SUPPLIED RECORDS section start
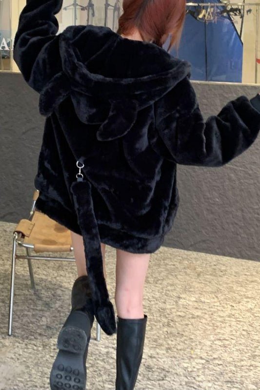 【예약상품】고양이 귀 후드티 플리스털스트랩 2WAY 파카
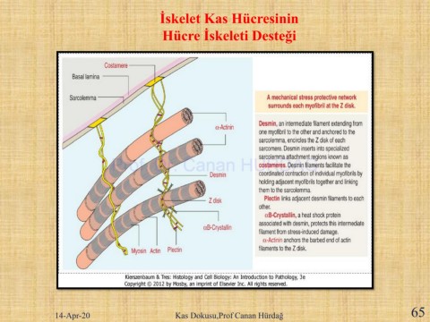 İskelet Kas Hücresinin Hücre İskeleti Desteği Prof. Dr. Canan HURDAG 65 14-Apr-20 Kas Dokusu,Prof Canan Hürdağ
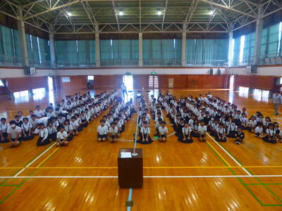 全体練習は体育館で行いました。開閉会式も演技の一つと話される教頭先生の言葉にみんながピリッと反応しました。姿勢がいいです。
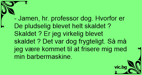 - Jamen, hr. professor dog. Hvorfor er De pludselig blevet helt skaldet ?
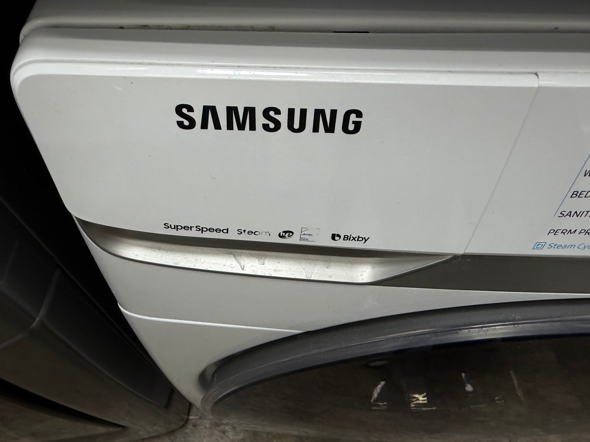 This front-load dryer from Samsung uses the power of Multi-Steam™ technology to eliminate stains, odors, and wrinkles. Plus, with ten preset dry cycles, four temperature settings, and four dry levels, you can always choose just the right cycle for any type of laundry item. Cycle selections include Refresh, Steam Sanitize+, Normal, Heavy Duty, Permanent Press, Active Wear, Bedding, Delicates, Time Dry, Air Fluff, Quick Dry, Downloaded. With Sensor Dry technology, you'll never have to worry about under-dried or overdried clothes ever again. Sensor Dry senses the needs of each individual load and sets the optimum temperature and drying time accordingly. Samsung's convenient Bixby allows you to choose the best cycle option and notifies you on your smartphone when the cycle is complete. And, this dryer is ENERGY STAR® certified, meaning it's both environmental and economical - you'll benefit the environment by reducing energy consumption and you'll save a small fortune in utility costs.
SUPPLIED RECORDS section end
Could you copy, exactly and with no pictures, each line from the first one above to the line holding "- Jamen, hr."?

 【예약상품】고양이 귀 후드티 플리스털스트랩 2WAY 파카
 İskelet Kas Hücresinin Hücre İskeleti Desteği Prof. Dr. Canan HURDAG 65 14-Apr-20 Kas Dokusu,Prof Canan Hürdağ
 全体練習は体育館で行いました。開閉会式も演技の一つと話される教頭先生の言葉にみんながピリッと反応しました。姿勢がいいです。
 - Jamen, hr. professor dog. Hvorfor er De pludselig blevet helt skaldet ?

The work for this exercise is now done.